Enfin, le fait d’être catalogué comme bras cassé peut tout simplement découler d’un simple conflit de personnes pour des causes complètement subjectives.
C’est pourquoi parfois le management se base sur des critères subjectifs pour étiqueter telle personne de bras cassé. Pourtant, «un manager ne peut exiger d’un salarié qu’il soit le plus compétent. Il doit plutôt s’assurer à ce qu’il s’acquitte convenablement de son travail sans tomber dans l’excès de jugement. Il doit aussi faire en sorte que le salarié soit suffisamment informé de ses attentes», explique M. El Ibrahimi.
Quelles que soient les causes, les solutions ne manquent pas. «Les tire-au-flanc ne sont pas une fatalité. A condition de décortiquer avec l’intéressé les causes de la panne pour faire ressortir les points positifs et les points négatifs de son activité et établir avec lui un plan d’action», ajoute Hassan Chraibi.
Cela passe aussi par une meilleure gestion des ressources humaines. Dans les entreprises qui se respectent, ce problème se règle par la formation, la reconversion et la gestion prévisionnelle des emplois et des compétences. Mais encore faut-il que la DRH fasse partie du comité stratégique de l’entreprise. Son implication est importante pour surveiller l’attitude de certains managers.
Certaines entreprises ont recours à des méthodes professionnelles très responsables pour gérer de tels cas. Pour les seniors, l’entreprise peut envisager un outplacement. Il s’agit d’une assistance extérieure offerte par l’entreprise à la personne dont on envisage le départ. Elle est souvent pratiquée dans les cas des fusions-absorptions où l’entreprise se retrouve avec des compétences en double. C’est une solution qui facilite la réinsertion professionnelle du salarié dans des conditions de dignité et de reconnaissance. Le principe consiste à faire le bilan des compétences du salarié, d’identifier un nouveau projet professionnel pour lui et de convenir d’une démarche et d’une stratégie de prospection pour un nouvel emploi.

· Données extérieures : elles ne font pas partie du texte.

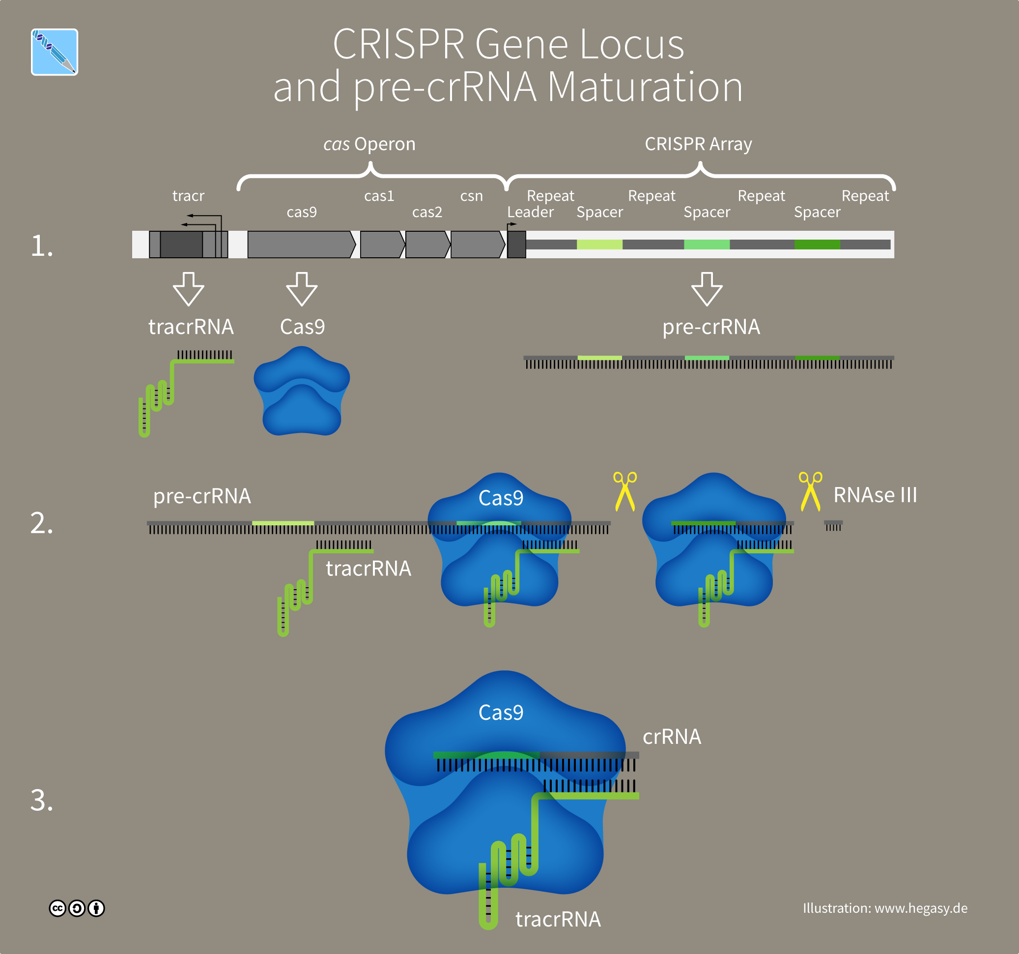 슈도모나스균( ''Streptococcus pyogenes'')에서 유래한 간단한 CRISPR 시스템은 Cas9 단백질에 의존한다. Cas9 핵산내부절단효소는 crRNA와 tracrRNA(trans-activating CRISPR RNA)라는 두 개의 작은 분자를 포함하는 4가지 구성 요소 시스템이다.[40][41] 2012년, 제니퍼 다우드나와 에마뉘엘 샤르팡티에는 두 개의 RNA 분자를 "단일 가이드 RNA"로 융합하여 Cas9 핵산내부절단효소를 더욱 관리하기 쉬운 두 가지 구성 요소 시스템으로 재설계했으며, 이는 Cas9와 결합하여 가이드 RNA가 지정한 DNA 표적을 찾아 절단할 수 있게 한다.[42] 이러한 공헌은 2020년 노벨 화학상 수상으로 이어질 만큼 중요했다. 가이드 RNA의 뉴클레오티드 서열을 조작함으로써, 인공 Cas9 시스템은 분리할 DNA 서열을 표적으로 지정하도록 프로그래밍될 수 있다.[42] 비르기니우스 시크슈니스 등이 참여한 또 다른 공동 연구는 ''S. thermophilus'' CRISPR 시스템의 Cas9도 crRNA 서열을 변경하여 원하는 부위를 표적으로 삼도록 재프로그래밍할 수 있음을 보여주었다. 이러한 발전은 수정된 CRISPR-Cas9 시스템으로 게놈을 편집하려는 노력에 박차를 가했다.[18]

Le problème est que ce système est très peu développé au Maroc, s’il n’est pas tout simplement méconnu par la plupart des entreprises. Quoi qu’il en soit, si une personne ne fait pas réellement l’affaire, il est important de lui expliquer que son rendement est insatisfaisant par rapport à celui des autres employés et que la collaboration ne peut durer éternellement.